#### DATA TO USE
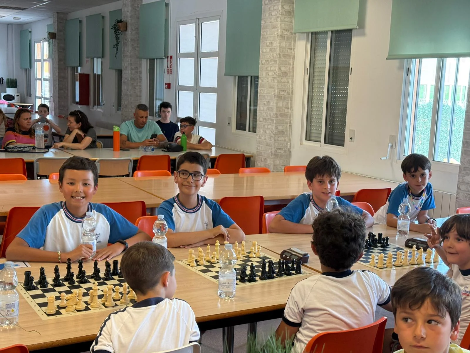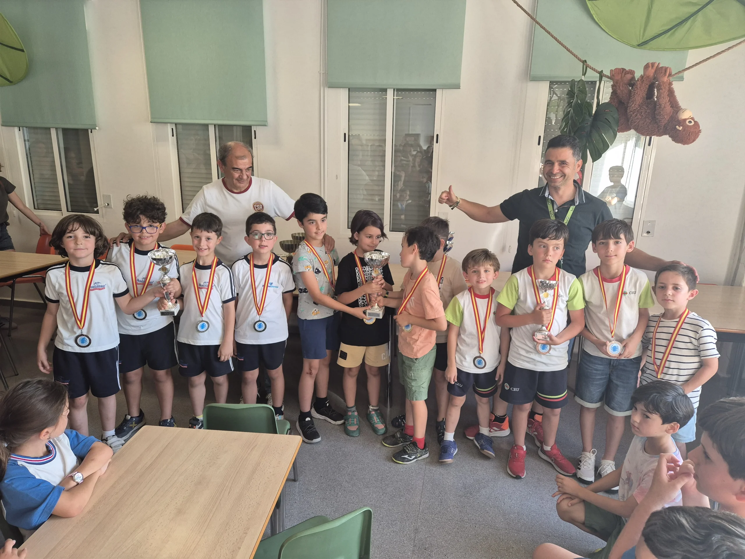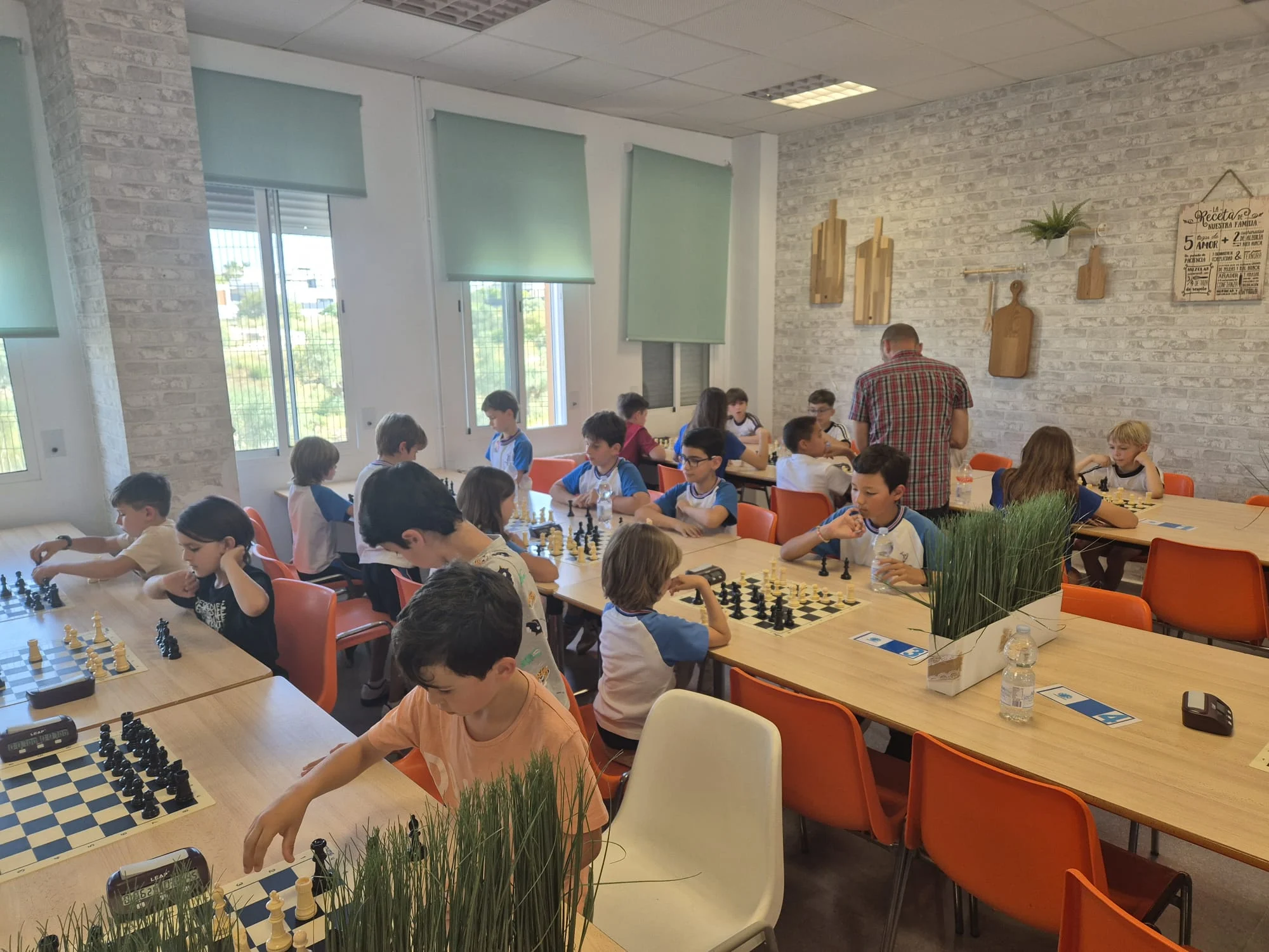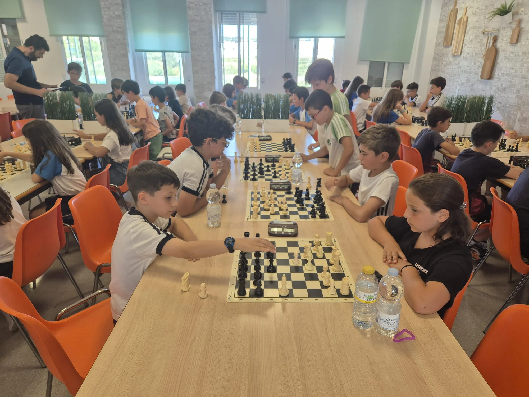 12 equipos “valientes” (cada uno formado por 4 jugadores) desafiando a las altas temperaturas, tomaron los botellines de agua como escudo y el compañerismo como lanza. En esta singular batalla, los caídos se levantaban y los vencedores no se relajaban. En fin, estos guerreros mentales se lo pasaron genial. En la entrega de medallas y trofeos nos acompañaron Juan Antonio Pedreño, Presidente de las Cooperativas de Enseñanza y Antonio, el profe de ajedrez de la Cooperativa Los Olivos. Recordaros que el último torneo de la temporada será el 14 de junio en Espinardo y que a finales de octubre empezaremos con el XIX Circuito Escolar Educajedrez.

---

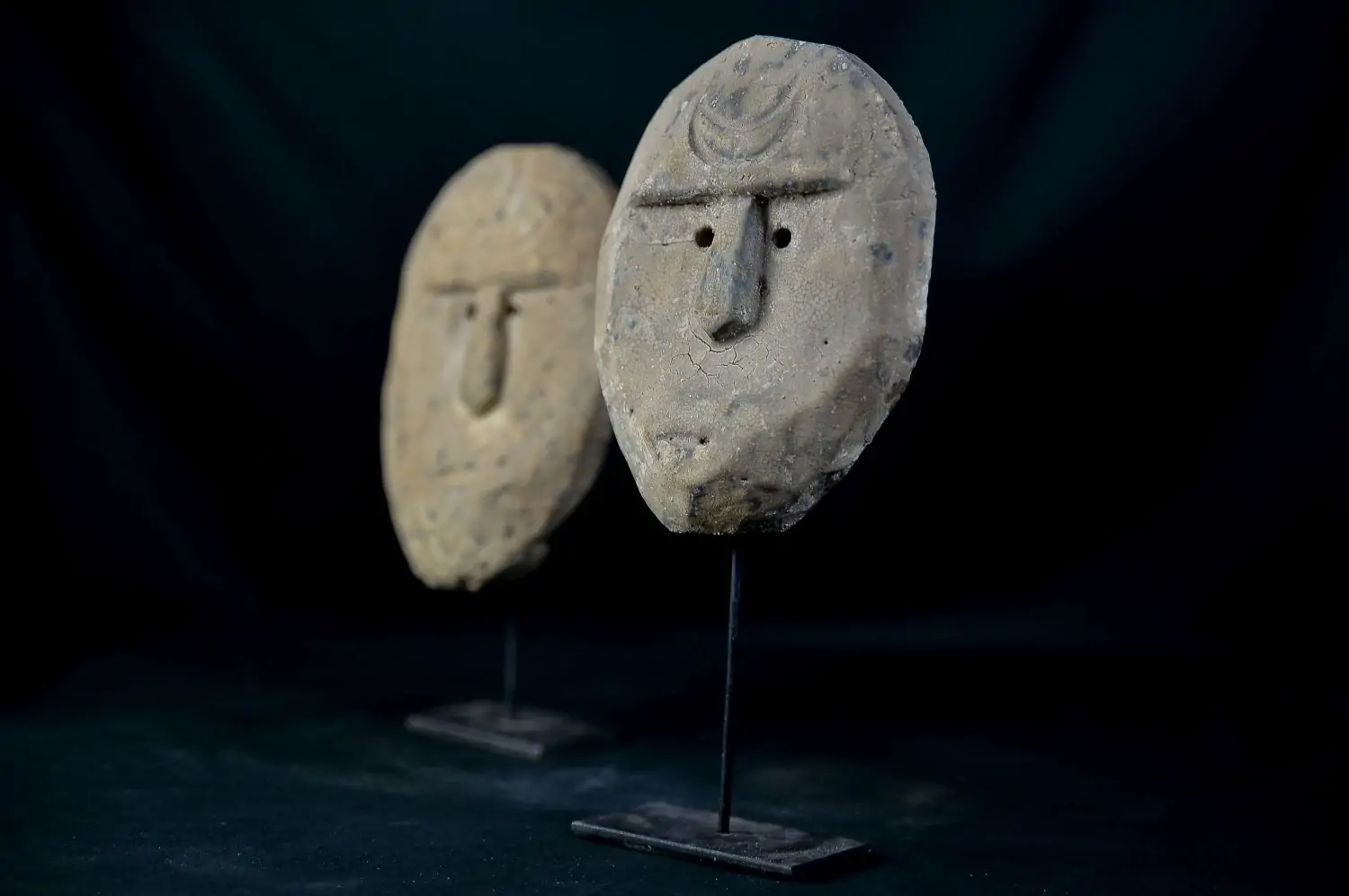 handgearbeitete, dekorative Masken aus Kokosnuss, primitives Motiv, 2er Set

...

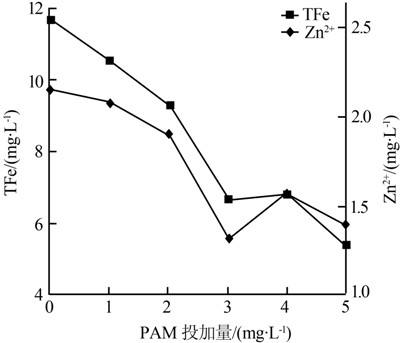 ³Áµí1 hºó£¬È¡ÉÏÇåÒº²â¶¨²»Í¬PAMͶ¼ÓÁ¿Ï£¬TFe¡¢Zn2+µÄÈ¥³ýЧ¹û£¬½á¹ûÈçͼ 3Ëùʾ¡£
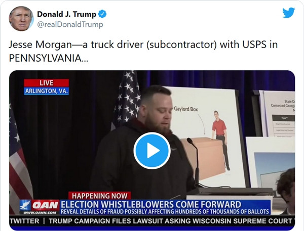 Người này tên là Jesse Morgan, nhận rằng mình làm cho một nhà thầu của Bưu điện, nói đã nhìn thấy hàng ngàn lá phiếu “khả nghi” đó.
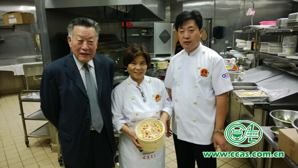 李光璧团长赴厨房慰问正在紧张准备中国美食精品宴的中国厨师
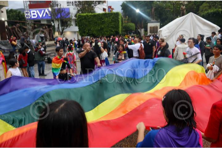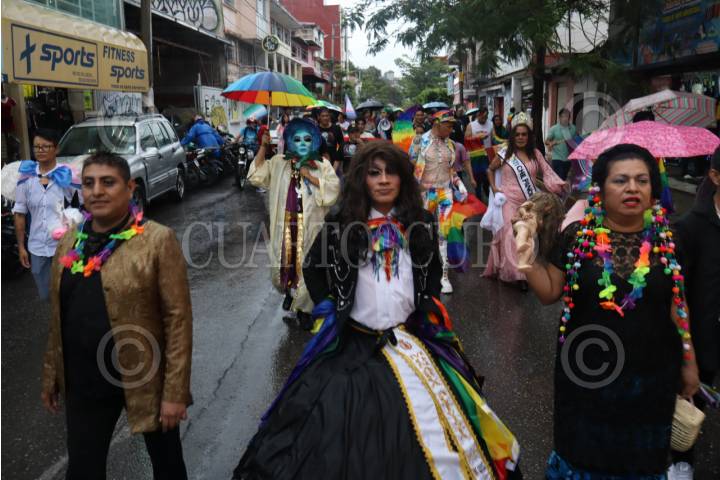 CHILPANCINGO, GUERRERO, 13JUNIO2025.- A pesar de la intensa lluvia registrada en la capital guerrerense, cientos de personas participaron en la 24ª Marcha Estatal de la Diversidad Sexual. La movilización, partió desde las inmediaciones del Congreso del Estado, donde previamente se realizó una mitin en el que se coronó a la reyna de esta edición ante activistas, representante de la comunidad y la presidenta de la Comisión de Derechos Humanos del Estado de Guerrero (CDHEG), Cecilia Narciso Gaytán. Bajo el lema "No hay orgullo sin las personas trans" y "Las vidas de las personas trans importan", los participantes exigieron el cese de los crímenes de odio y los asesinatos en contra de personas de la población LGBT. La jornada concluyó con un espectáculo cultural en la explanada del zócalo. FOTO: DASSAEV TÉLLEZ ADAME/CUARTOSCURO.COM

#### EXERCISE DIRECTIONS
Exactly reproduce the lines above, starting at the one that contains "Người này tên" and ending at the one that contains "李光璧团长赴厨房慰问正在紧张准备中国美食精品宴的中国厨师", both inclusive; leave the pictures out and add no other lines.

#### FINAL ANSWER
 Người này tên là Jesse Morgan, nhận rằng mình làm cho một nhà thầu của Bưu điện, nói đã nhìn thấy hàng ngàn lá phiếu “khả nghi” đó.
 李光璧团长赴厨房慰问正在紧张准备中国美食精品宴的中国厨师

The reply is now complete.